There are 5 strong contender for best Bayesian Statistics book

TLDR

  • Statistical Rethinking, henceforth SR[1]
    • Up to speed fast, no integrals, very intuitive approach.
  • Doing Bayesian Data Analysis, henceforth The Dog Book[2]
    • This is the easiest book. If your goal is only to create simple models and you aren't interested in understanding the details, then this is the book for you.
  • A Student’s Guide to Bayesian Statistics, henceforth Student's Guide[3]
    • This book has the opposite focus of the Dog book. Here the author slowly goes through the philosophy of Bayes with an intuitive mathematical approach.
  • Regression and Other Stories, henceforth ROS[4]
    • Good you want a slower and thorough approach where you also learn the Frequentest perspective.
  • Bayesian Data Analysis, henceforth BDA[5]
    • The most advanced text, very math heavy, best as a second book after reading one or two of the others, unless you are already a statistician.

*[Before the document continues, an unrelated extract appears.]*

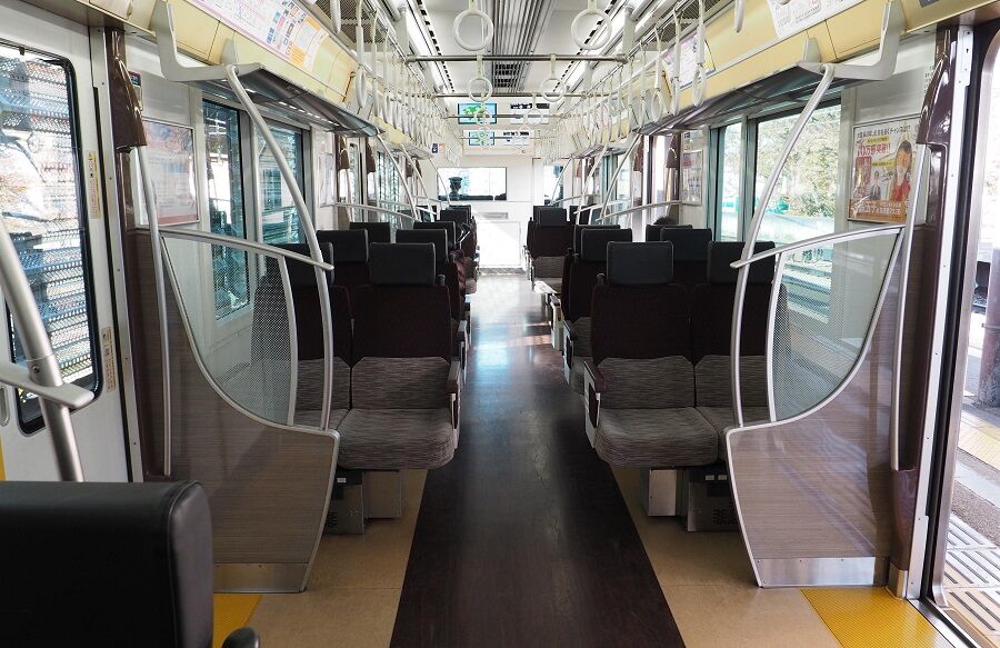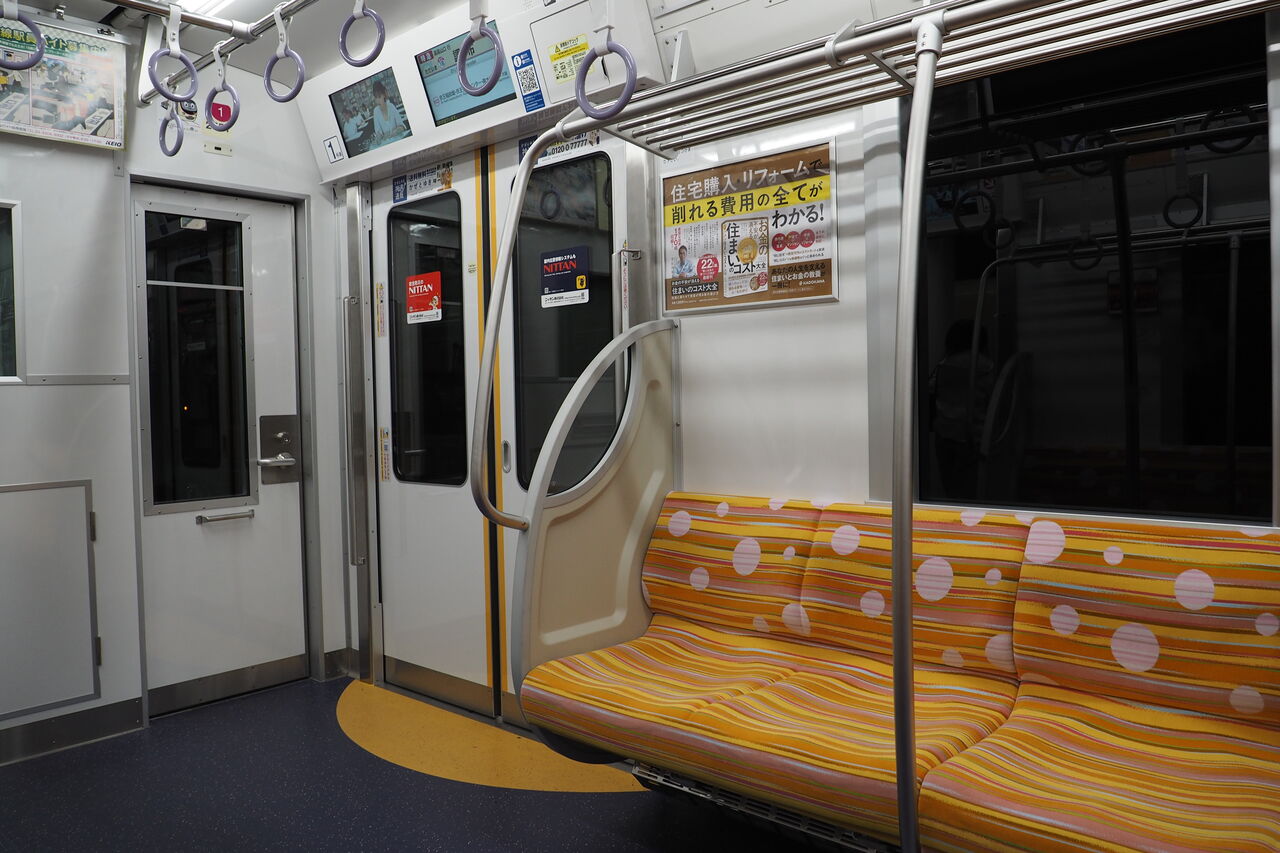 ドア部分の枕木方向の吊り手は3列になっている。冷風吹出し口、照明などもいたってオーソドックスで、メトロ車のようにブッ飛んだデザインは見られない。

Irregardless of which one you pick, watching the YouTube lectures for either SR or Student's Guide is very helpful

Short review of each Book

The Dog Book: Is the easiest book is thus if you do not strive for understanding but simply want to quickly get to a skill level where you need to develop a not to fancy model then this is a great book, It is also a good reference book as each chapter is based on a specific link and function and regression variable type, thus, if you want to do an Bayesian ANOVA you simply look for chapters named something like "categorical predictor with metric outcome".

Student's Guide: This book has the opposite focus as the Dog book. Here the author slowly goes trough the philosophy of bayes with a mathematical intuitive approach. It looks like a very good reference book. A Bayesian professor has recommended it as one of the best introductions to STAN. Chapter 8 is also very good. It starts with a graph of the relationship between all likelihoods and then goes trough EACH and EVERY ONE with an intuitive example and some nice plots. I would recommend everyone to read the chapter and/or to use the chapter as a reference whenever you have a few 'candidate' likelihoods in your head. Reading Chapter 12 in SR will subsequently teach you to create mixtures of these likelihoods if you need further hacks such as zero inflation. Remember the YouTube series explain the math very well. So use them as a supplement!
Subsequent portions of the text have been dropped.